Side Note 1: As described in the paper, the algorithm uses a search region that is guaranteed to contain all of the rational preperiodic points but which may, in rare instances, miss some points of small positive canonical height. Remark 5.2 of the paper addresses this fact, noting that such instances must be rare, and are highly unlikely to lead to a point of notably small height. Thus, while it is almost certain that a few points of normalized height smaller than 0.03 were missed by this search, it is highly unlikely that any of height smaller than, say, 0.001 were missed.


Side Note 2: In the version of the program with which this data was generated, the search region was in some rare cases slightly larger than that described in the presentation of the algorithm in section 5 of the paper. (This was done to ease the implementation of the program.
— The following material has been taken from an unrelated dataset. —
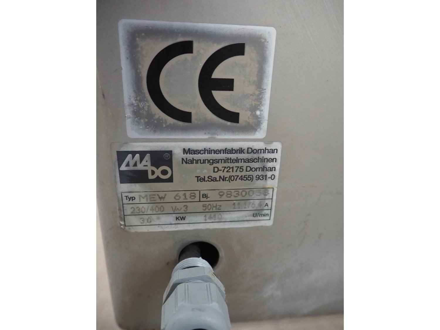 Mado mobile grinder, model: OPTIMO, type: MEW 618, number: 30058, year of construction: 1998, 230/40 V, 3 Ph, 50 Hz, 11.1/6.4 A, 3 kW, plate diameter: 98 mm, total dimensions: 850 mm x 480 mm x 1200 mm.

Specifically, if there was a double root of f(z)=0, or no Qp-rational points, then the full disk called U0 in the paper was used as the search region at p, rather than the smaller region described in the paper.) This may have resulted in a few rare instances when a point outside the paper's search region showed up as a point of small (but still positive) canonical height in this data. Of course, that means that the search that generated this data was even more comprehensive than the search described in the paper.